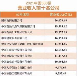 对于入围的500强名单,具体的中国制造企业入围门槛是在110.9亿元,和往年的相比,中国企业500强入围名单的门槛明显的提高了。对于整体的中国企业500强名单,入围门槛提升到了392.36亿元。从这些大致的数字上来看,现在的经济市场越来越有活力了。对于营业收入排在第一名的国家电网有限公司,一直在前面遥遥领先,对于整体的企业来说,也是起到了一个带头的作用。此外还公布了中国2021服务业企业500强,中前三名分别是:国家电网有限公司,中国平安保险(集团)股份有限公司、中国工商银行股份有限公司。
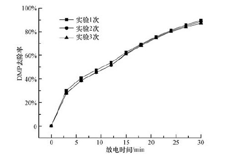 式中,η為DMP的去除率(%);C0為放電反應前DMP的濃度(mg·L-1);Ct為放電t min后DMP的濃度(mg·L-1).
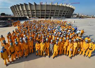 Para celebrar, os 3.000 operários da Minas Arena que atualmente trabalham na modernização do estádio se reuniram para uma foto comemorativa. Cada um deles vai receber uma cópia como presente pelo aniversário do Mineirão.
══════
Only an exact copy is wanted: the lines from the opening of the material through the line that has "式中,η為DMP的去除率(%", minus any pictures.

 对于入围的500强名单,具体的中国制造企业入围门槛是在110.9亿元,和往年的相比,中国企业500强入围名单的门槛明显的提高了。对于整体的中国企业500强名单,入围门槛提升到了392.36亿元。从这些大致的数字上来看,现在的经济市场越来越有活力了。对于营业收入排在第一名的国家电网有限公司,一直在前面遥遥领先,对于整体的企业来说,也是起到了一个带头的作用。此外还公布了中国2021服务业企业500强,中前三名分别是:国家电网有限公司,中国平安保险(集团)股份有限公司、中国工商银行股份有限公司。
 式中,η為DMP的去除率(%);C0為放電反應前DMP的濃度(mg·L-1);Ct為放電t min后DMP的濃度(mg·L-1).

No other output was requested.